*** RECORD EXTRACTS Section Begins ***

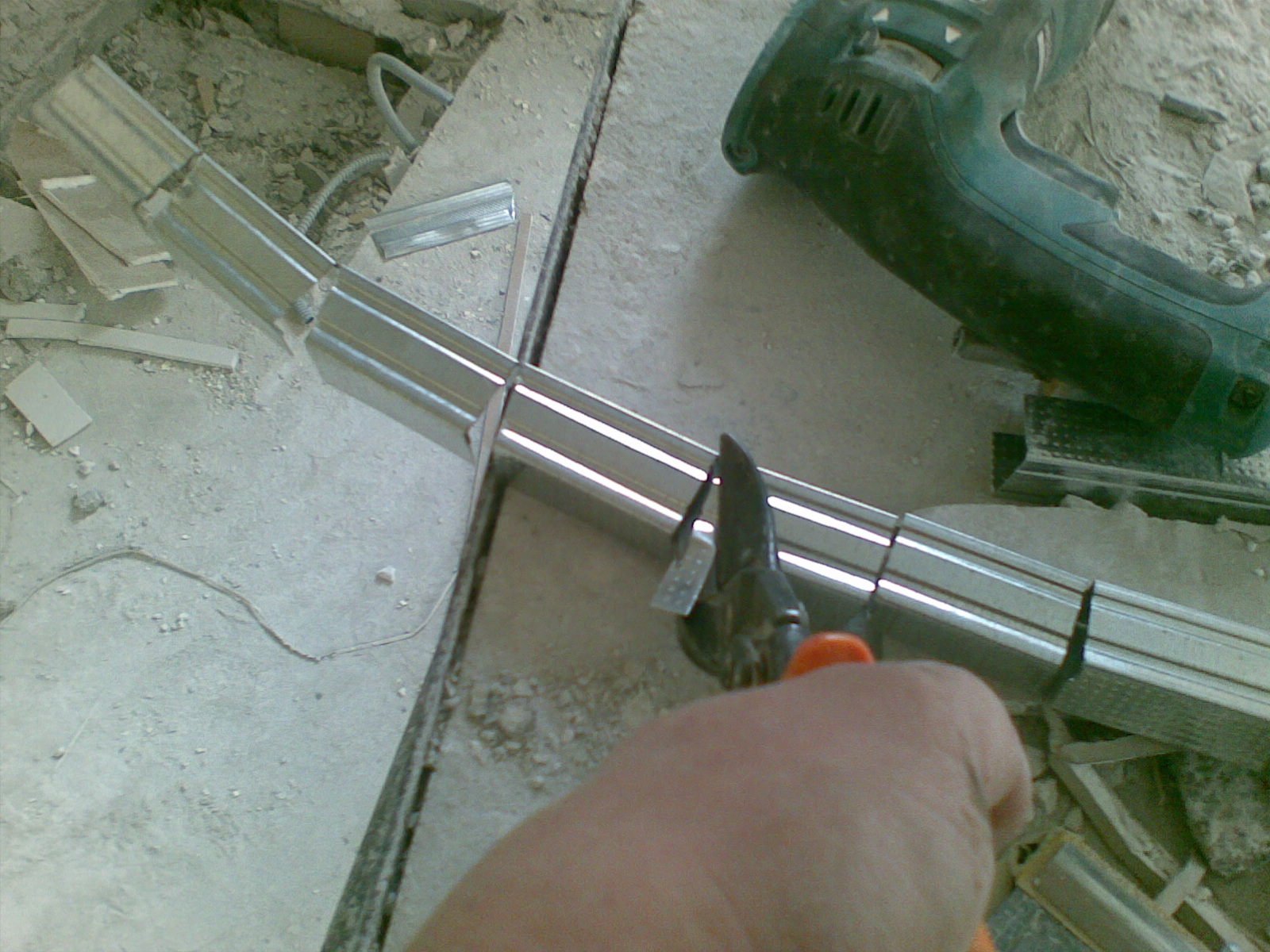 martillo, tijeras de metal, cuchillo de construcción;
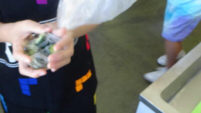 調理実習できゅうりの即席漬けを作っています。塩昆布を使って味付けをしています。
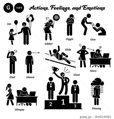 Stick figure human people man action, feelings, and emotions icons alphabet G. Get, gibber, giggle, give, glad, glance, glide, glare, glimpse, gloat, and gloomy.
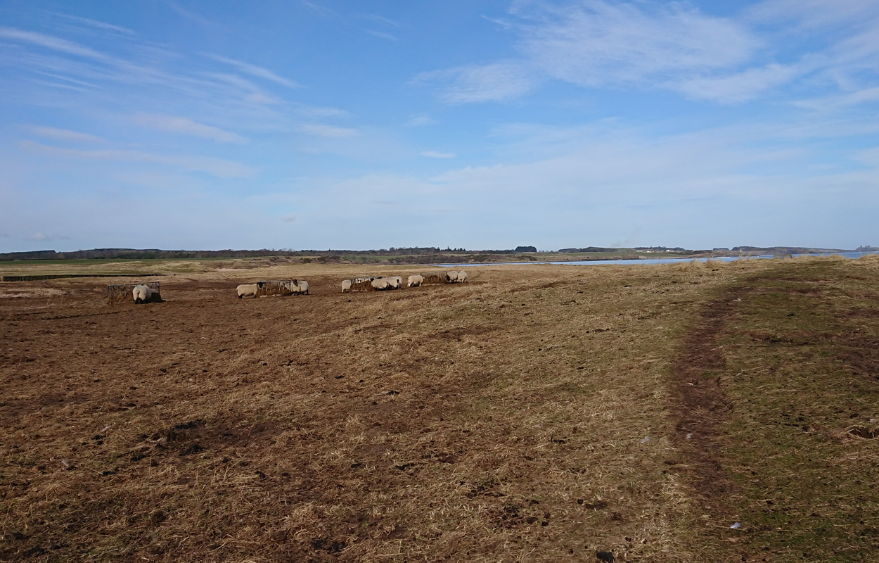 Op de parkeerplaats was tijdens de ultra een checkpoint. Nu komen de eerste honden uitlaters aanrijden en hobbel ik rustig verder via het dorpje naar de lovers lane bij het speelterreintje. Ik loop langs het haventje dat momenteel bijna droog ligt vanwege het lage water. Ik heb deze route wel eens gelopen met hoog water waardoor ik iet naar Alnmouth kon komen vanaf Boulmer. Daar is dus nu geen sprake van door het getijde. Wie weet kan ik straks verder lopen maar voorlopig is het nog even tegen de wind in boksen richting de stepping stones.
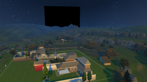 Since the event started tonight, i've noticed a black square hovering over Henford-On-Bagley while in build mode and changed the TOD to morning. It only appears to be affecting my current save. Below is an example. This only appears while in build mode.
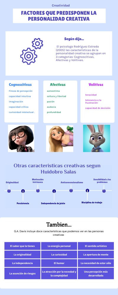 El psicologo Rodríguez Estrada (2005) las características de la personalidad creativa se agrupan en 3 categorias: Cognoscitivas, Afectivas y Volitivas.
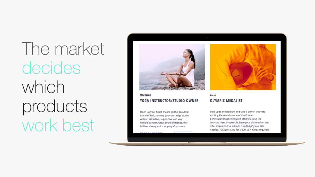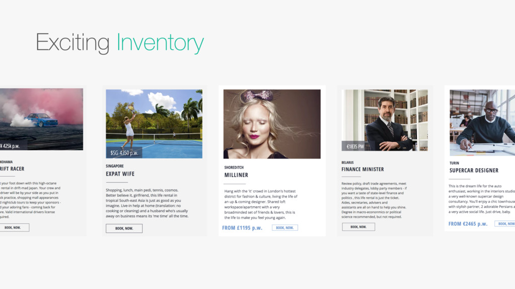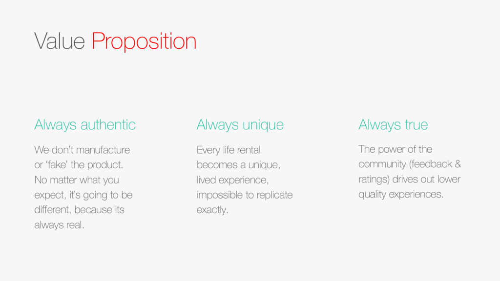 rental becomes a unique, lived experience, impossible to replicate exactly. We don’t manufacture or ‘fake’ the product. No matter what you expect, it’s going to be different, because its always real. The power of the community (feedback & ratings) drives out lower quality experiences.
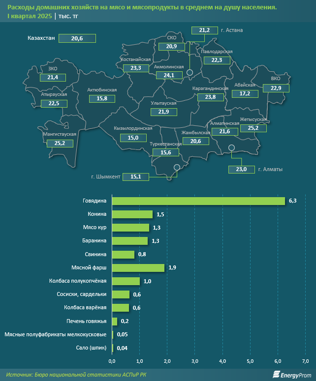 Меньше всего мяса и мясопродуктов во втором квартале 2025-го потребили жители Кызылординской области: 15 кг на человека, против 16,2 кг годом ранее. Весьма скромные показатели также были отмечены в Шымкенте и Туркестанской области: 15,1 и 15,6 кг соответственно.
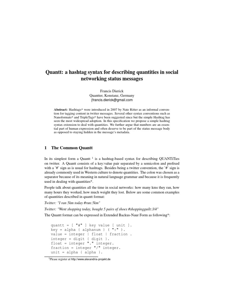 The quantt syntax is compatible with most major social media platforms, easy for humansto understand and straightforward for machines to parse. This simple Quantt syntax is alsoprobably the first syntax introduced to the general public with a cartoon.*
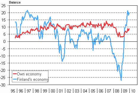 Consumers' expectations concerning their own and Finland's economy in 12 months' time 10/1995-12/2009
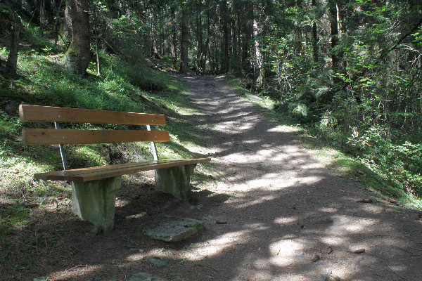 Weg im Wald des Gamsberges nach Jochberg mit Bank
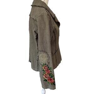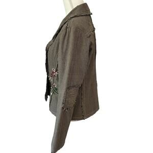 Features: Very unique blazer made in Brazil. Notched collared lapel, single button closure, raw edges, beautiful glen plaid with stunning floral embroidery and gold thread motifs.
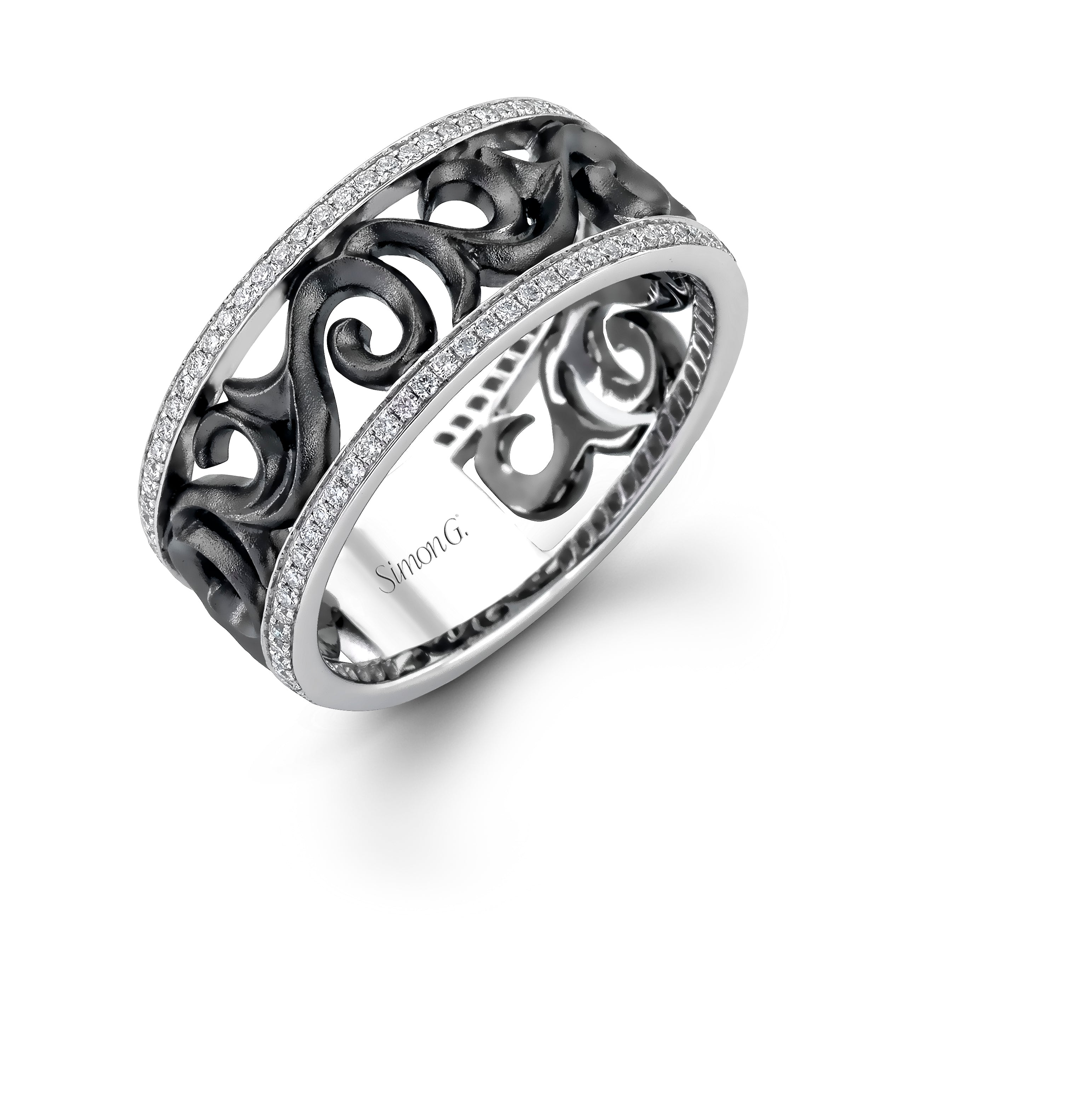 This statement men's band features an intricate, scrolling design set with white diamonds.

*** RECORD EXTRACTS Section Ends ***
*** RECORD EXTRACTS Section Begins ***

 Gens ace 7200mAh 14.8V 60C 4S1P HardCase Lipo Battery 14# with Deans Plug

*** RECORD EXTRACTS Section Ends ***

> ACTION ITEM:
Look through the material above. Transcribe exactly the lines between the ones with "Weg im Wald" and "This statement men's", inclusive, and keep pictures out.

> SOLUTION TO THE PROBLEM:
 Weg im Wald des Gamsberges nach Jochberg mit Bank
 Features: Very unique blazer made in Brazil. Notched collared lapel, single button closure, raw edges, beautiful glen plaid with stunning floral embroidery and gold thread motifs.
 This statement men's band features an intricate, scrolling design set with white diamonds.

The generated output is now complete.